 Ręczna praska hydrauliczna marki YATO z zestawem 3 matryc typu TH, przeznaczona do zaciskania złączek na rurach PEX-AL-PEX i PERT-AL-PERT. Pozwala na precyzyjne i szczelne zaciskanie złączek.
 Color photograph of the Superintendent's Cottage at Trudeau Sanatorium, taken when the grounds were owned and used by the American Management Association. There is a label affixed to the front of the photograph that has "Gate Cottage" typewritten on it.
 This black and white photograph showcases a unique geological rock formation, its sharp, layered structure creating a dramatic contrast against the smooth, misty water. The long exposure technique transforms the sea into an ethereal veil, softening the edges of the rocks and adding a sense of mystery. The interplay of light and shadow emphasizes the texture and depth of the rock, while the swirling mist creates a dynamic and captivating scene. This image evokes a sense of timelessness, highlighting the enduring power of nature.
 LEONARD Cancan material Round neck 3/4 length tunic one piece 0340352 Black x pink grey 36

* * *

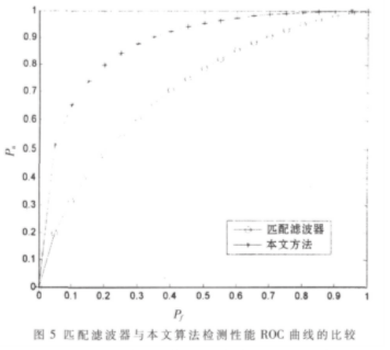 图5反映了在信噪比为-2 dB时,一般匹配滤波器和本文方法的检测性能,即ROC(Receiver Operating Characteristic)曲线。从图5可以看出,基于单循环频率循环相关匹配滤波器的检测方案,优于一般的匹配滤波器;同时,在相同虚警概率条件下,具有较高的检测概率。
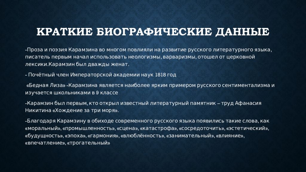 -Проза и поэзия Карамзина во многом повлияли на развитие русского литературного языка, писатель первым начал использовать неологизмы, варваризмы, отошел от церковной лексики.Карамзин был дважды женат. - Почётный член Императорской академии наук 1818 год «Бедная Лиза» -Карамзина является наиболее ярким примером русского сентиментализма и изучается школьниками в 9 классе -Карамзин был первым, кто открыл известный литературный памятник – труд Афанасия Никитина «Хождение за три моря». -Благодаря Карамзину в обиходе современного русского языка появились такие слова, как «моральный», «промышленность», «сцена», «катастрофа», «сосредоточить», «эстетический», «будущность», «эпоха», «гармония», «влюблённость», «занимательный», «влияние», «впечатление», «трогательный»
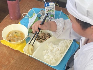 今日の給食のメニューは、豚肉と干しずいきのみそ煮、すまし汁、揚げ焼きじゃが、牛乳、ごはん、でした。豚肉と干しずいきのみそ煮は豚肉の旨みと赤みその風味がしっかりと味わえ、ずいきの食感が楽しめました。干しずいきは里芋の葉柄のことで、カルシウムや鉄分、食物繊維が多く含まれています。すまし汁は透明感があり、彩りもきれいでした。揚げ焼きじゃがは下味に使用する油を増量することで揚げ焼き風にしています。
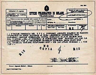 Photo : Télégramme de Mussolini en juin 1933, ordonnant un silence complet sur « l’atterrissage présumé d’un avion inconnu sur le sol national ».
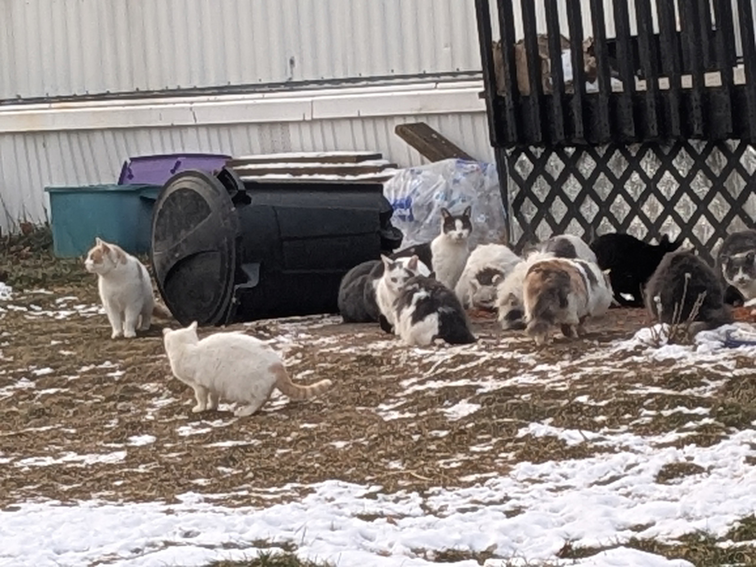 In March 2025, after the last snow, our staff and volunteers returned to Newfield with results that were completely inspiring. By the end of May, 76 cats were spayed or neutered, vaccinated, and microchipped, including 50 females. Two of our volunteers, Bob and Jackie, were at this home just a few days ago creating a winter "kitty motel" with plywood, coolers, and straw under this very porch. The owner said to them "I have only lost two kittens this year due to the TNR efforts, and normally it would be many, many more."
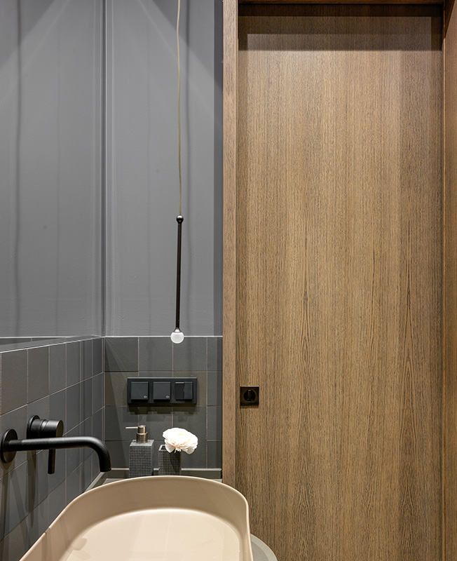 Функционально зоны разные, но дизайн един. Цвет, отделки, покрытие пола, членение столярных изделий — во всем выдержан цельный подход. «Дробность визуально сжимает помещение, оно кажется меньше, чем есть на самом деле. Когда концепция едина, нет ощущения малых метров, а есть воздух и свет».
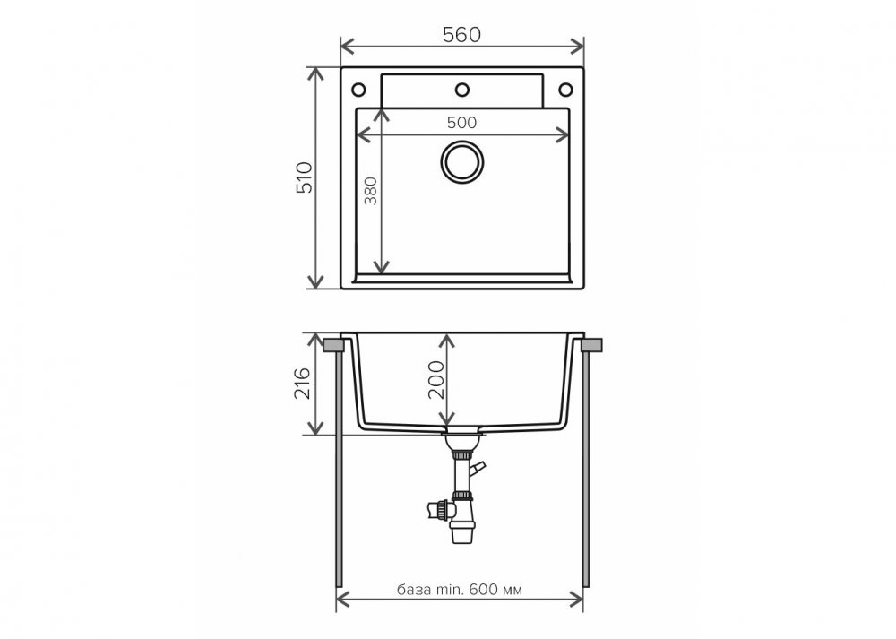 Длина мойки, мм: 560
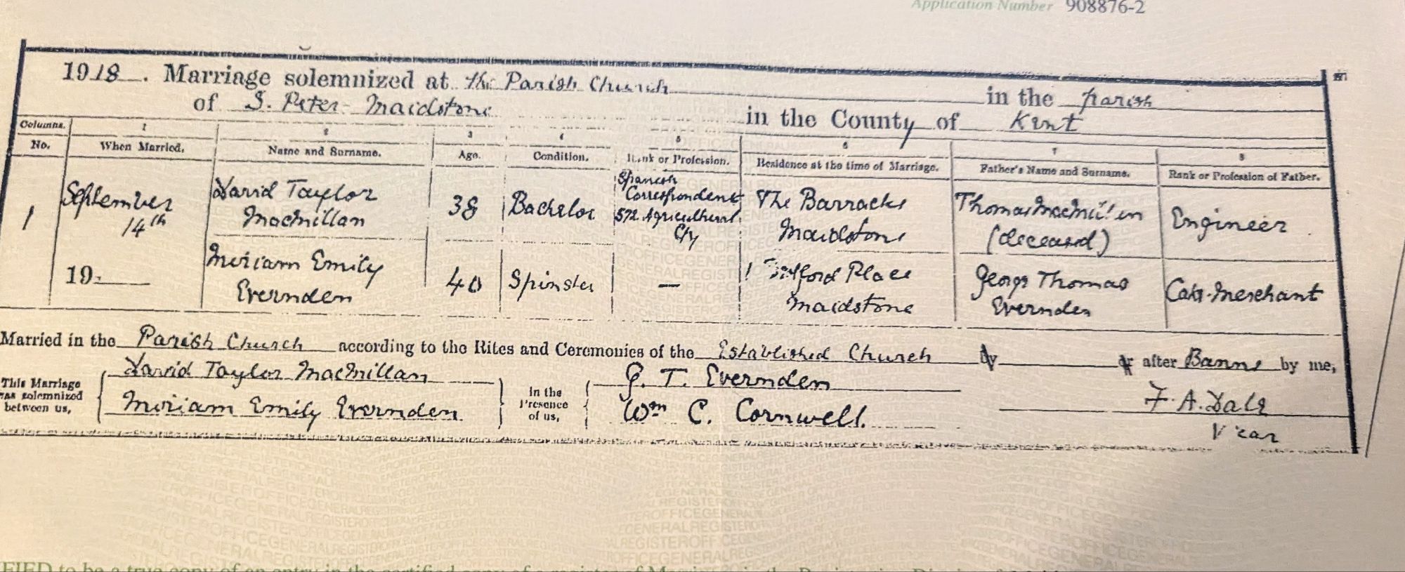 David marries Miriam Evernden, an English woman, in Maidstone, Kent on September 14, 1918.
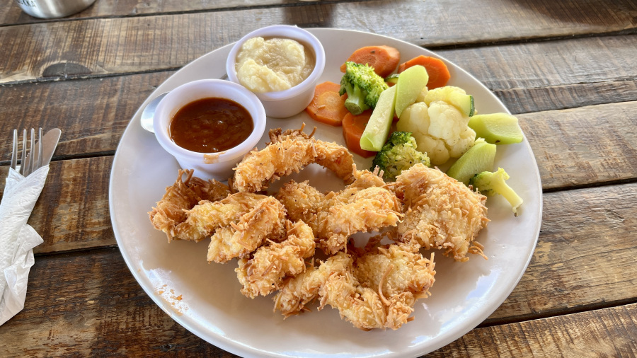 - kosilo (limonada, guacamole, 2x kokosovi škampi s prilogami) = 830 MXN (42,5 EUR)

** Problem requirements **
Only the lines above from the one containing "David marries Miriam" through the one containing "- kosilo (limonada, guacamole, 2x" should be returned, verbatim and inclusive, with pictures excluded.

** Solution **
 David marries Miriam Evernden, an English woman, in Maidstone, Kent on September 14, 1918.
 - kosilo (limonada, guacamole, 2x kokosovi škampi s prilogami) = 830 MXN (42,5 EUR)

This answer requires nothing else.